PROMPT:
Look in the material below for the line holding "acrylic, oil pastel, and". Set it down exactly, with each later line up to and including the line holding "All registered trademarks".

SOURCE INFORMATION:
<<<<

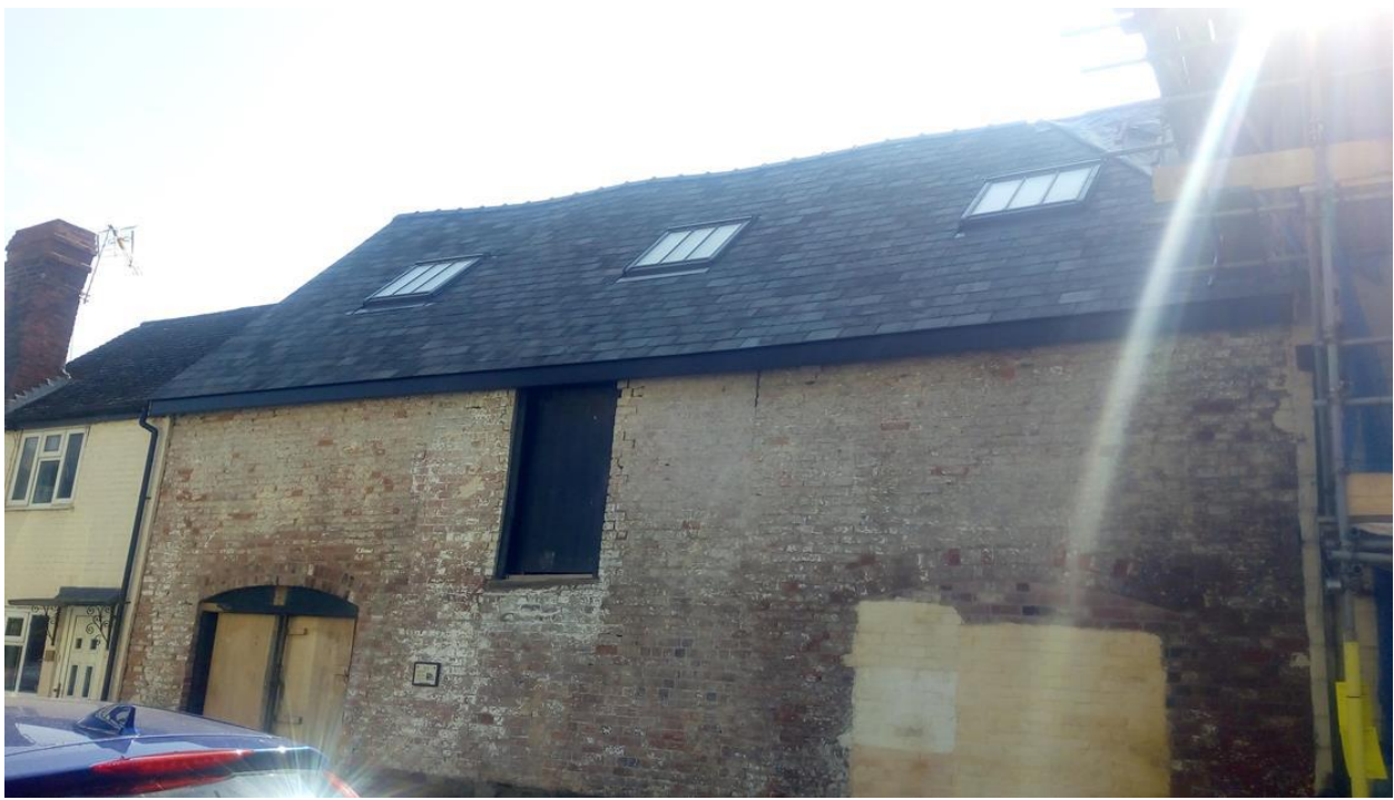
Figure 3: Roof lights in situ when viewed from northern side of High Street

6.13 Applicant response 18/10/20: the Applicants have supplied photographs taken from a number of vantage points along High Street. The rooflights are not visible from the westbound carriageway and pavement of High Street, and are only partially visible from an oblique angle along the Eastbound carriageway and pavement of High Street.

>>>>
<<<<

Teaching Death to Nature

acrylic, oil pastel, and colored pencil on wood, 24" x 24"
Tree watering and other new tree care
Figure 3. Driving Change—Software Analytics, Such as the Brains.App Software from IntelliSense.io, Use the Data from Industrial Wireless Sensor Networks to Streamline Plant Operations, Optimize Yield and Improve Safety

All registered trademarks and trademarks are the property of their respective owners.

>>>>

THE COMPLETED TASK:
acrylic, oil pastel, and colored pencil on wood, 24" x 24"
Tree watering and other new tree care
Figure 3. Driving Change—Software Analytics, Such as the Brains.App Software from IntelliSense.io, Use the Data from Industrial Wireless Sensor Networks to Streamline Plant Operations, Optimize Yield and Improve Safety

All registered trademarks and trademarks are the property of their respective owners.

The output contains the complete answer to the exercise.